Investors get the benefit of domain expertise they wouldn't otherwise have. It's designed to close the loop between innovation and adoption in a field that has historically been slow to embrace both.
You recently became Chief Veterinary Officer of OpenVet, a free clinical intelligence platform. What real problem does it solve for veterinarians, and how do you balance that role alongside serving as CEO of VANE and CVO at MI:RNA?
OpenVet addresses something practitioners deal with quietly every day: the sheer volume of clinical information they're expected to stay current on, without time to absorb it. Guidelines change, new diagnostics emerge, drug protocols evolve — and a practitioner in a busy clinic rarely has the bandwidth to keep up the way they want to.
OpenVet consolidates that intelligence and makes it accessible at the point of care, for free.

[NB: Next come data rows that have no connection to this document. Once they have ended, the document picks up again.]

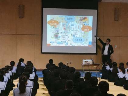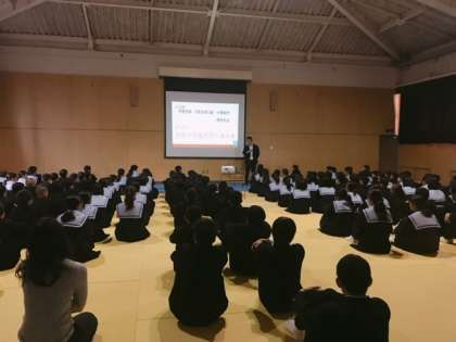 1時間目、格技室にて校外学習の事前学習を行いました。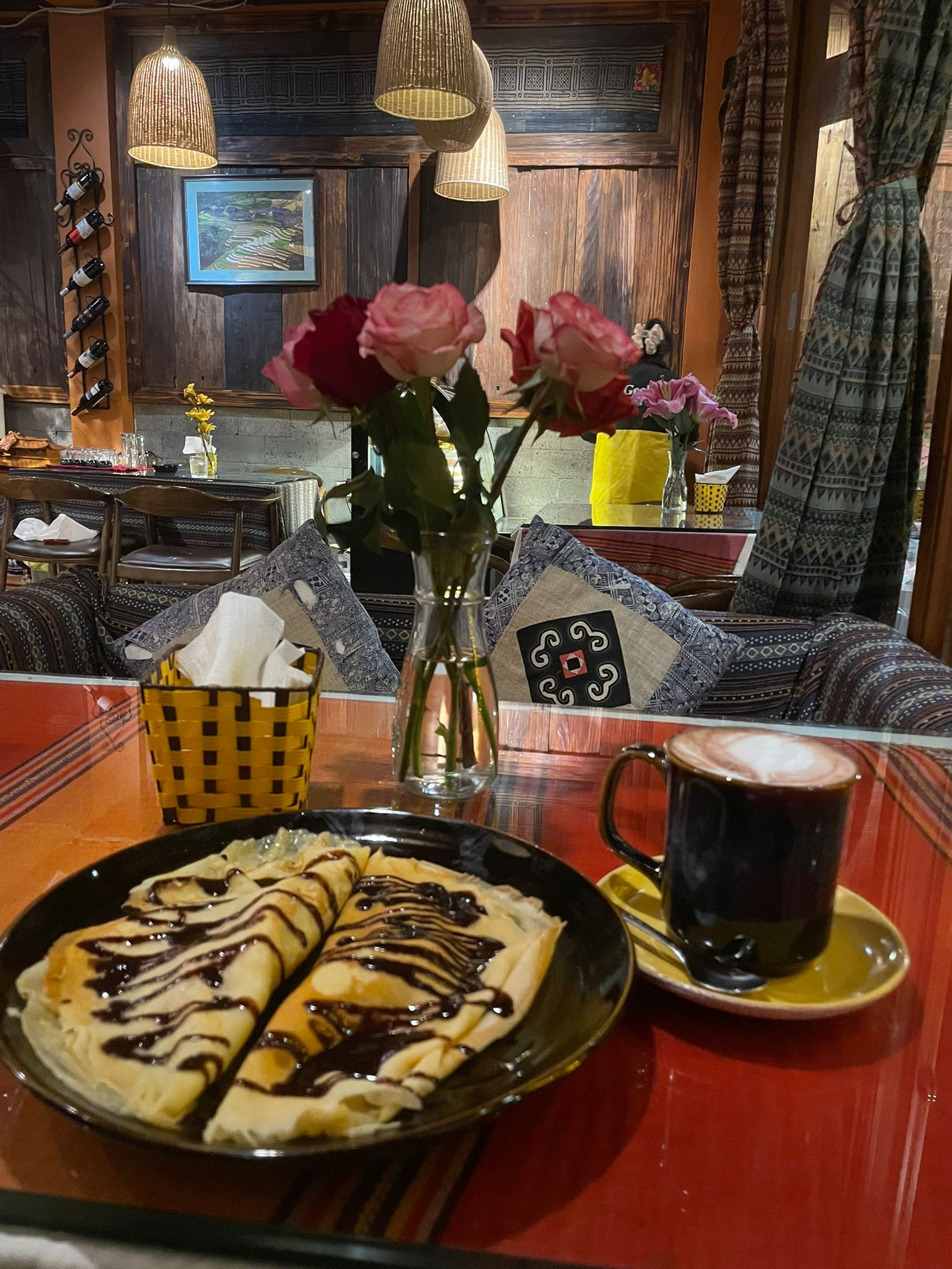 Il tardo pomeriggio era libero. Abbiamo deciso di visitare il centro di Sapa, in particolare la chiesa di Notre-Dame du Rosaire, la stazione Sun Plaza e il lago. Ci siamo poi fermate per uno spuntino dolce al caffè-ristorante Le Petit Gecko, un locale dai prezzi accessibili che propone una grande varietà di piatti, tutti deliziosi. Qui abbiamo consumato anche la cena e il pranzo della domenica. I menu erano tradotti in francese, inglese e vietnamita, il che ha reso molto piacevole la scelta dei piatti e l’ordinazione. Dopo questo buon pasto, siamo rientrate a riposarci in ostello.
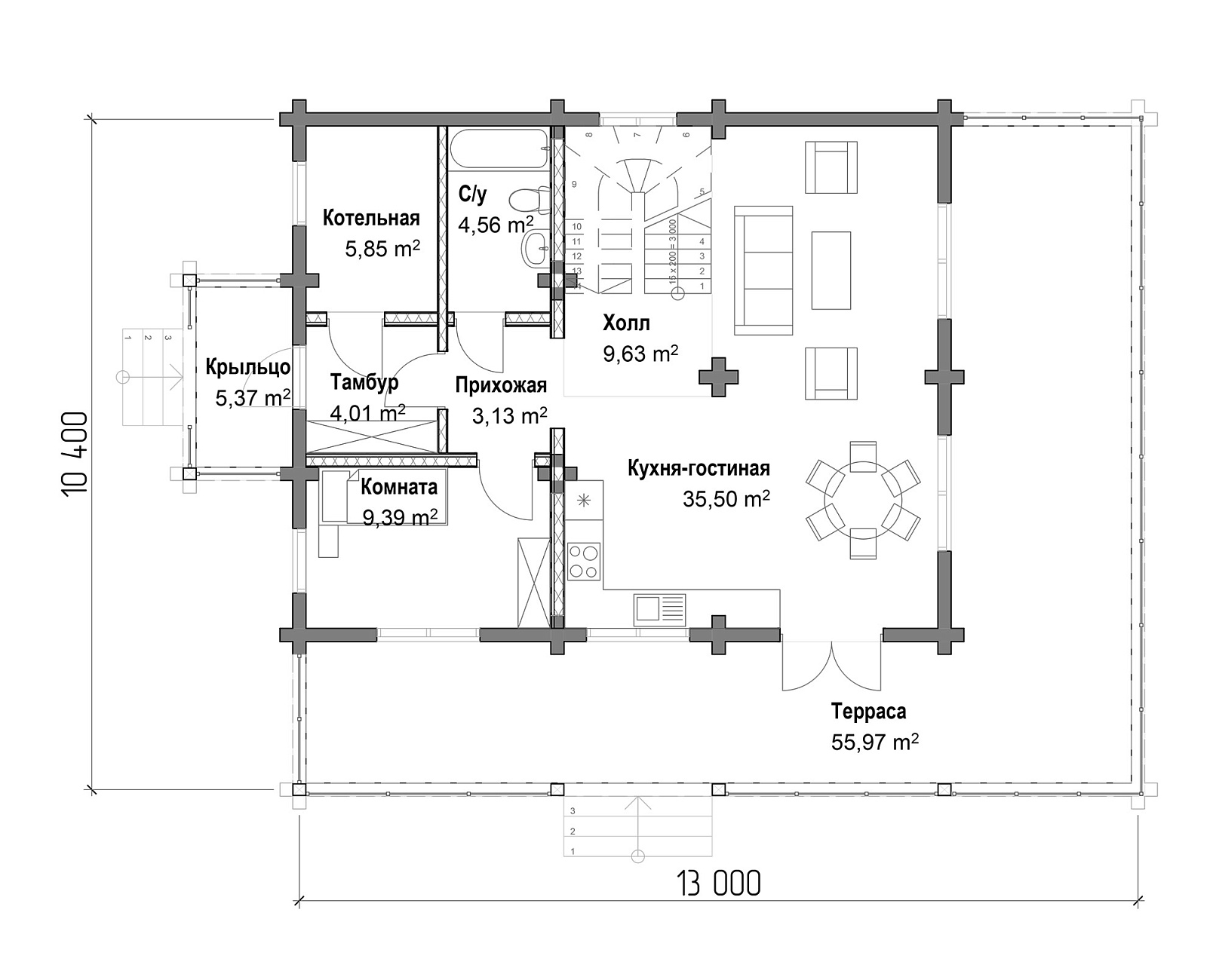 Дома из клееного бруса (ель, сосна) – главная специализация компании. Материал производится на собственном заводе, отличается минимальной усадкой (до 1%), высокой прочностью, отличной теплоизоляцией и эстетичным внешним видом.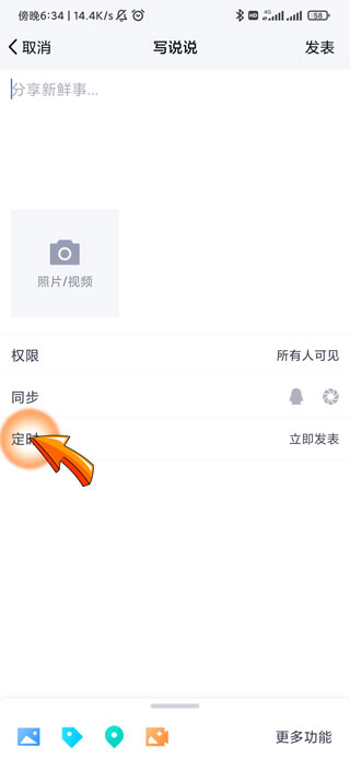4、最后点击编辑说说页面中的“定时”选项即可定时发送说说,并同步到微信朋友圈。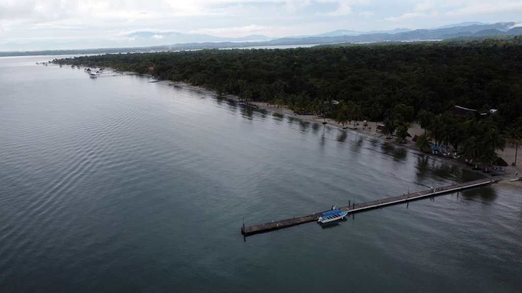 El viaje comenzó a las 6.00 horas en Punta de Palma. Un dron recorrió una gran extensión del mar durante más de media hora, sin éxito. Fue necesario trasladarse al siguiente punto: la bahía de Amatique, un sitio donde el agua es más tranquila y los lancheros circulan con poca frecuencia. Solo se escuchaba el oleaje al chocar contra la embarcación y el sonido de las gaviotas y de los pelícanos al volar por el lugar.

As for balance — I'll be the first to admit it requires ruthless prioritization. I stay sane by being very clear about what each role demands of me at any given time, and by surrounding myself with teams that don't need me to be the bottleneck on everything.
Each of these organizations is solving a different dimension of the same problem: a veterinary profession that deserves better infrastructure, better tools, and better support.
Early in your career in Atlanta, you were a frequent guest speaker for German Shepherd and Bernese Mountain Dog clubs. Is there a moment that still stands out from speaking in front of such passionate dog owners?
There was one evening with a German Shepherd club where I gave a talk on degenerative myelopathy, which is a progressive neurological disease that hits the breed hard. Partway through, I could see people in the room starting to tear up — not because I was saying anything dramatic, but because I was finally naming something they had watched their dogs go through without fully understanding.
After the talk, a woman came up to me and said, "I thought I'd done something wrong." She'd been carrying that guilt for two years. That moment taught me that education isn't just about transferring information. Sometimes it's about giving people permission to stop blaming themselves. I've never forgotten it, and I think about it every time I step in front of an audience.